Il y a vingt ans, la mise en place d’un « grand service public unifié et laïc de l’éducation nationale », portée par un projet de loi d’Alain Savary, alors ministre de l’éducation, entraina un mouvement de protestation et de manifestation qui culmina le 24 juin 1984, en réunissant plus d’un million d’opposants dans les rues de Paris. L’annonce de la décision de retrait du projet de loi, le 14 juillet suivant, par Mitterrand, offrit un épilogue à cette affaire, avec la démission du ministre, trois jours plus tard.

L’Eglise catholique et la droite, de Veil et Chaban-Delmas, Giscard et Chirac, à Le Pen, apportèrent leur soutien à ce mouvement de l’« école libre », qui ne manquait pas de faire valoir les principes de liberté de conscience, d’expression et d’association.

Même Sardou, en bon individualiste et bon ultra, y alla de sa chanson, renvoyant, dos à dos, l’Eglise et la Convention.

La possibilité, pour des structures privées, d’enseigner fait partie des principes fondamentaux des lois de cette cinquième république (décision du Conseil Constitutionnel du 23 novembre 1977) et la Déclaration universelle des Droits de l’Homme, dans son 26ème article, proclame, outre le droit à l’éducation, la priorité des parents quant au droit de choisir le genre d’éducation à donner à leurs enfants.

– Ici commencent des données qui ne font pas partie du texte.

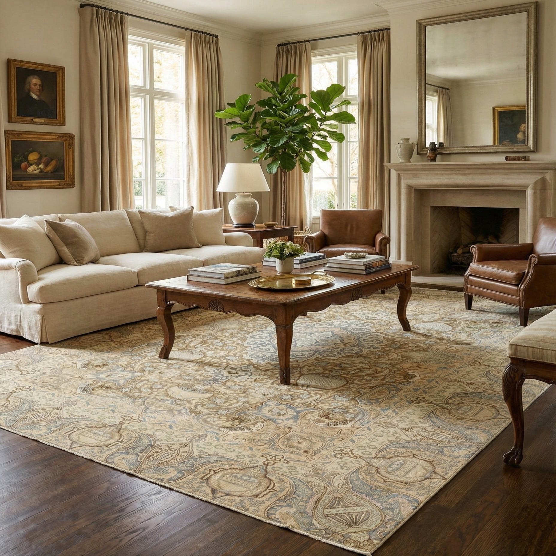 Primary color is Brown. Colors in this rug include: Brown, Beige, Blue, Cream, Gray, Green, Tan.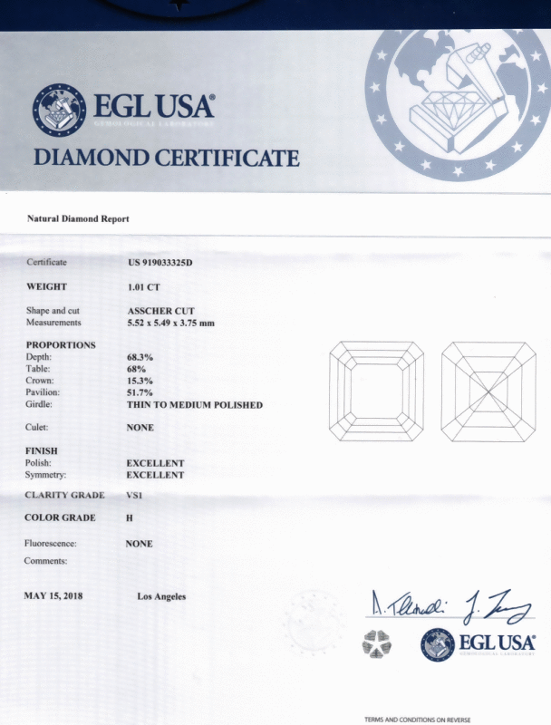 | 1.01 | Asscher | H | VS1 | EGLUSA | 68.3 | 68 | 5.52x5.49x3.75 | Contact Vendor |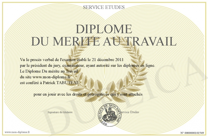 Envoyez par email votre Diplôme Du mérite au Travail personalisé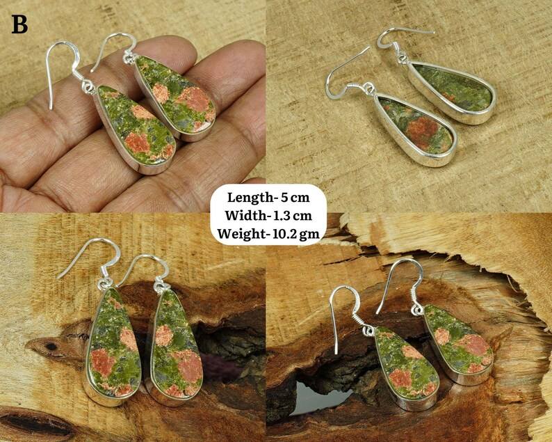 Unakite Jasper Earrings in Sterling Silver Big Gemstone Design Handmade Jewelry Gift for Valentine Day

Sans aller jusqu’à dire que faire rentrer un enfant dans une école privée, religieuse, par exemple, est une atteinte à l’intérêt supérieur de l’enfant, on ne se lassera pas de s’étonner de l’appui que l’enseignement privé trouve avec l’Etat, sous couvert de complaisance, de financements et d’accords – à obtenir le label d’établissement « sous contrat » – quand on sait, en outre, que cet enseignement, qui scolarise 17 % des élèves de ce territoire, est un des puissants moteurs du tri et de la ségrégation sociale, au même titre que le récent assouplissement de la carte scolaire.
Qu’un enseignement privé existe n’est, peut-être, pas le plus urgent des problèmes. Mais qu’il soit, dès lors, strictement « hors contrat », histoire de circonscrire ce qu’il convient, sûrement, d’appeler un symptôme.

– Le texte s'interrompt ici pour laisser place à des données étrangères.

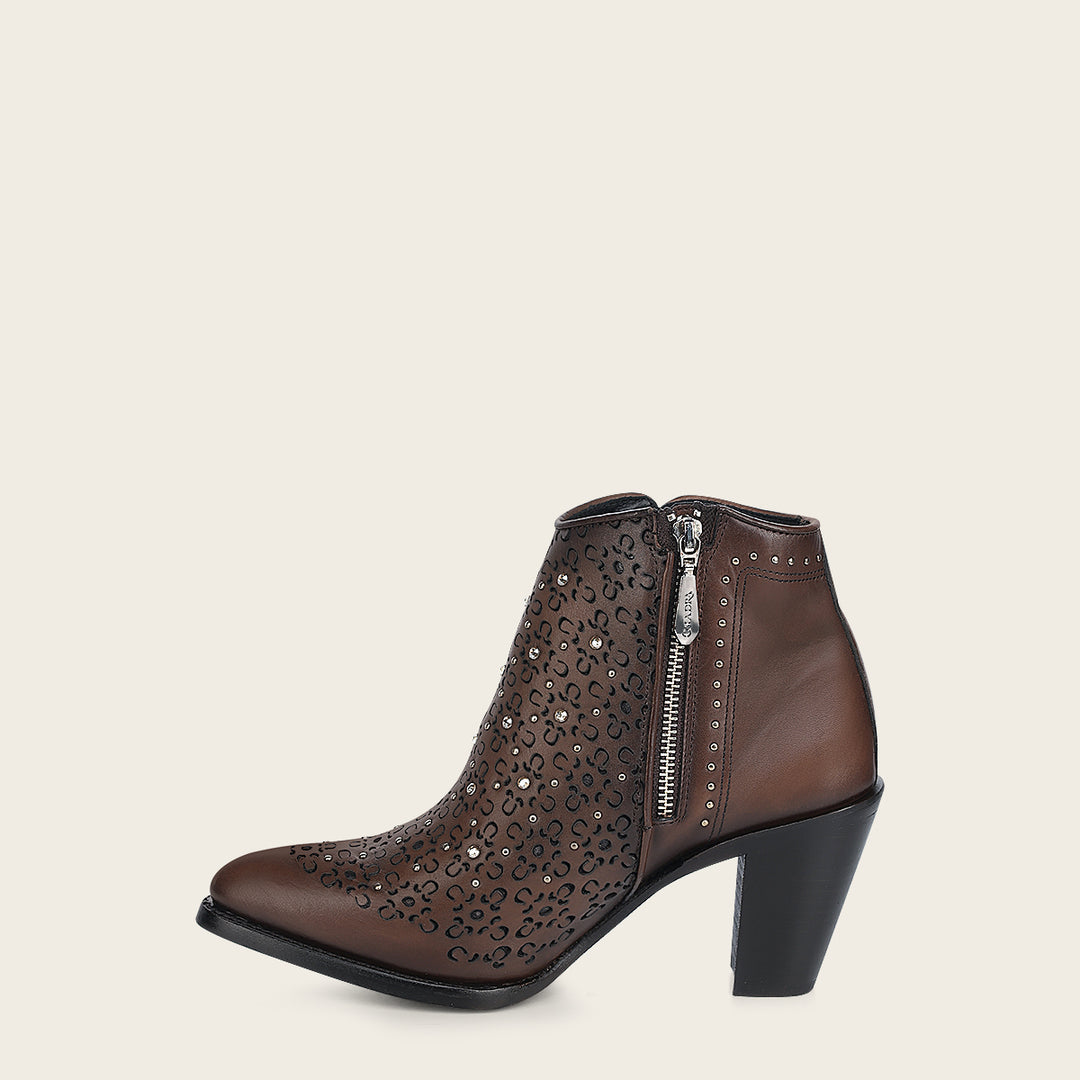 Botín para dama en piel genuina de bovino. La parte frontal cuenta con perforaciones en forma de medialuna con aplicaciones de cristales auténticos. La parte posterior presenta en el borde, pequeñas aplicaciones metálicas. Ajuste por medio de cierre interno. Suela de cuero con TPU.

En 2003, la plateforme de la Coordination nationale des établissements en lutte, reprenait cette revendication et cet héritage, en réaffirmant le principe d’une école publique pour tous, et la disparition, dans un délai fixé, des établissements d’enseignement privés sous contrat.
Dix ans après, l’école privée se porte comme un charme, ses effectifs gonflent encore, et l’assouplissement de la carte scolaire hiérarchise, chaque année un peu plus, les établissements publics, dont certains sont de plus en plus relégués à l’accueil de la misère du monde.
« Keep calm and carry on… »

Sébastien MARGUET
(enseignant en collège, Seine-Saint-Denis)

0 Comments

  1. Jean Agnès

    Juin 1984, une défaite cinglante !
    Il y a… trente ans. Ce rappel historique vient à point nommé : toutefois, ne revenons pas en arrière…

    Concernant Savary : l’héritage a bien été dilapidé.

    – Laïcité : heureusement, il y a les bavardages, les bouquins, les commissions, les chartes…

    – La stratégie des “fers de lance” nous avait paru astucieuse : le Clemi de la première époque avait été d’une belle efficacité, le Lycée de St Nazaire avait fait date. Depuis le Clemi a été “éclaté” et son statut d’origine perverti. D’ailleurs, amnésie générale sur ce point. Notons au passage que la manie actuelle d’effacer la part fondatrice de l’histoire est une pratique d’occultation détestable.

    Mais qui s’en offusque ? A qui les leçons ont-elles servi ? Plus personne, de nos jours, ne fait campagne pour des “fers de lance” – établissements expérimentaux, laboratoires d’idées, officines de production méthodologique. Les appareils constitués ne s’y emploient pas, les “intellectuels” patentés préfèrent la causerie au coin du feu et les exhortations morales.

    C’est dommage : l’histoire n’a pas été faite que de renoncements. Encore faut-il ne pas en nier les apports. Sur les points cités, Savary n’a pas de succession.